Dataset content ::
BEGIN

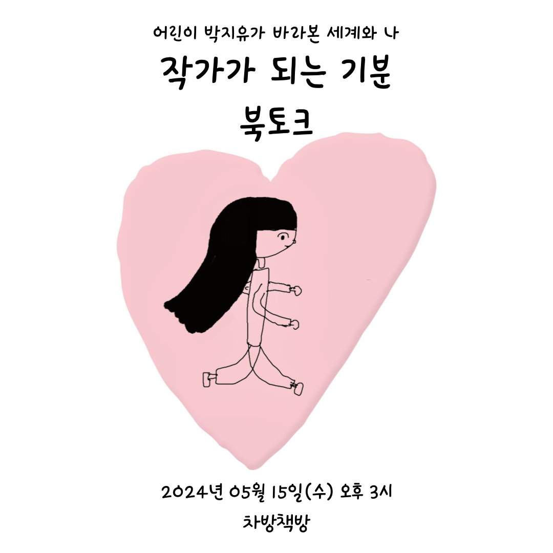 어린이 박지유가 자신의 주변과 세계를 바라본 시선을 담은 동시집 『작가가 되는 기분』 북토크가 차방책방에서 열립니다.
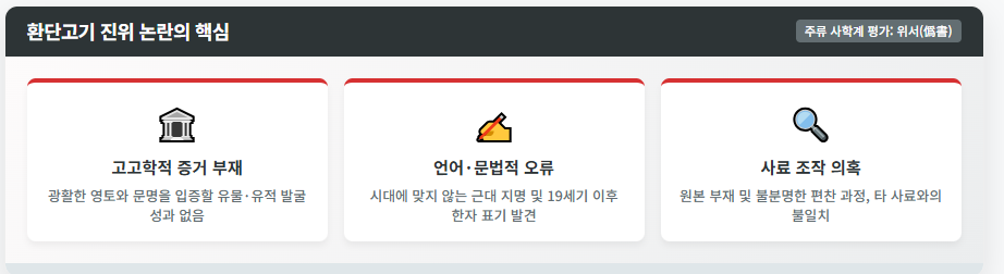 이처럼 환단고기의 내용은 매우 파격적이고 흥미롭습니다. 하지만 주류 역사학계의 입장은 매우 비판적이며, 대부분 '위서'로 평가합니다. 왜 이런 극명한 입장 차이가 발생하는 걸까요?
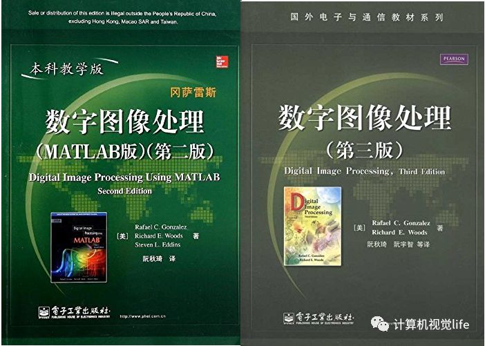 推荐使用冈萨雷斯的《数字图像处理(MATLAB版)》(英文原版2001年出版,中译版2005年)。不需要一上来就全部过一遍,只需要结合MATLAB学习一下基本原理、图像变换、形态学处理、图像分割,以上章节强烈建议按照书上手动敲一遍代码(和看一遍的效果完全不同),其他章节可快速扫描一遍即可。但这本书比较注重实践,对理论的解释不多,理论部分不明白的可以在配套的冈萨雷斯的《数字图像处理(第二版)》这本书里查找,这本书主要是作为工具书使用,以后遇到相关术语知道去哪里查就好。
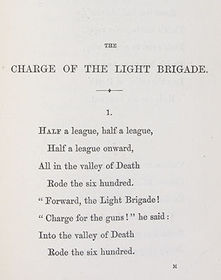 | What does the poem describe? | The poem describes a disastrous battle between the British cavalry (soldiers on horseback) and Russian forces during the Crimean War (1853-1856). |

END

What to work on ::
Beginning with the line that holds "推荐使用冈萨雷斯的《数字图像", output each line to the end of the material above, exactly, omitting the pictures.

Solution for this problem ::
 推荐使用冈萨雷斯的《数字图像处理(MATLAB版)》(英文原版2001年出版,中译版2005年)。不需要一上来就全部过一遍,只需要结合MATLAB学习一下基本原理、图像变换、形态学处理、图像分割,以上章节强烈建议按照书上手动敲一遍代码(和看一遍的效果完全不同),其他章节可快速扫描一遍即可。但这本书比较注重实践,对理论的解释不多,理论部分不明白的可以在配套的冈萨雷斯的《数字图像处理(第二版)》这本书里查找,这本书主要是作为工具书使用,以后遇到相关术语知道去哪里查就好。
 | What does the poem describe? | The poem describes a disastrous battle between the British cavalry (soldiers on horseback) and Russian forces during the Crimean War (1853-1856). |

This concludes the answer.